━━━━━ Data for the task ━━━━━
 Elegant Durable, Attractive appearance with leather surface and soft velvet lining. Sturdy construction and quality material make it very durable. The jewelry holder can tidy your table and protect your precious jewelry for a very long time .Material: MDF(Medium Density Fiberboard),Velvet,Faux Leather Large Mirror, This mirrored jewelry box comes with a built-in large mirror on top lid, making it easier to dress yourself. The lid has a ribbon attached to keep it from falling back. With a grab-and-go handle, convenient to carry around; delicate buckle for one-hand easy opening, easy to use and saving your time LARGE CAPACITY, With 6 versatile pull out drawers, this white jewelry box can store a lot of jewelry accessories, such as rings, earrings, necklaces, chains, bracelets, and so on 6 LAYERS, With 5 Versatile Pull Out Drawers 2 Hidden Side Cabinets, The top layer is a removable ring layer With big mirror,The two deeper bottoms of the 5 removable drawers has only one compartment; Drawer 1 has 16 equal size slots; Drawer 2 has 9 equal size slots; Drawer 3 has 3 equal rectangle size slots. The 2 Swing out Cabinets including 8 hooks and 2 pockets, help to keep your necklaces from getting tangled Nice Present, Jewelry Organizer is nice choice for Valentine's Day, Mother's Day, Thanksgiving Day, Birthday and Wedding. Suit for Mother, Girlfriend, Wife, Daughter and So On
━━━━━
━━━━━ Data for the task ━━━━━
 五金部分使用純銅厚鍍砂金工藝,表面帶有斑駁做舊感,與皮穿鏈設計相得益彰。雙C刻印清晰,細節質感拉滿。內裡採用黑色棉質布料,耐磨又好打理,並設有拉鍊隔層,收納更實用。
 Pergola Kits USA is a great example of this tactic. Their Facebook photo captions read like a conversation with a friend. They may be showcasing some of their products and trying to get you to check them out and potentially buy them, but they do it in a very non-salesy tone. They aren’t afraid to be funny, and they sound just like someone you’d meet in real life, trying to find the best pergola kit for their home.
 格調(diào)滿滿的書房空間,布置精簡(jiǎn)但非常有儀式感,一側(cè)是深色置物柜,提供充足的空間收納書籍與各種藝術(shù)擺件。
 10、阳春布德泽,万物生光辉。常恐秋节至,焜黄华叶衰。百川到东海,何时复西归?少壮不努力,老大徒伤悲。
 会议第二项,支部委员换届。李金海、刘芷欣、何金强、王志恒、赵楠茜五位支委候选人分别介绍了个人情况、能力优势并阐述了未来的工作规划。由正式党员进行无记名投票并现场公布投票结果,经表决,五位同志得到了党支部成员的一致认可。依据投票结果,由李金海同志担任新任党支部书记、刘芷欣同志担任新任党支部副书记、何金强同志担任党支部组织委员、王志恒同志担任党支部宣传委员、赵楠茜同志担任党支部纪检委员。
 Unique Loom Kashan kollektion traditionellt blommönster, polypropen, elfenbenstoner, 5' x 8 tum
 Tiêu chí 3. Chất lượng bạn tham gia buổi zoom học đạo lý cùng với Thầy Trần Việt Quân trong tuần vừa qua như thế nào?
━━━━━
Everything from the line with "10、阳春布德泽,万物生光辉" through the line with "Tiêu chí 3." in the listing above must be retyped exactly, with nothing added.

• Exercise solution:
 10、阳春布德泽,万物生光辉。常恐秋节至,焜黄华叶衰。百川到东海,何时复西归?少壮不努力,老大徒伤悲。
 会议第二项,支部委员换届。李金海、刘芷欣、何金强、王志恒、赵楠茜五位支委候选人分别介绍了个人情况、能力优势并阐述了未来的工作规划。由正式党员进行无记名投票并现场公布投票结果,经表决,五位同志得到了党支部成员的一致认可。依据投票结果,由李金海同志担任新任党支部书记、刘芷欣同志担任新任党支部副书记、何金强同志担任党支部组织委员、王志恒同志担任党支部宣传委员、赵楠茜同志担任党支部纪检委员。
 Unique Loom Kashan kollektion traditionellt blommönster, polypropen, elfenbenstoner, 5' x 8 tum
 Tiêu chí 3. Chất lượng bạn tham gia buổi zoom học đạo lý cùng với Thầy Trần Việt Quân trong tuần vừa qua như thế nào?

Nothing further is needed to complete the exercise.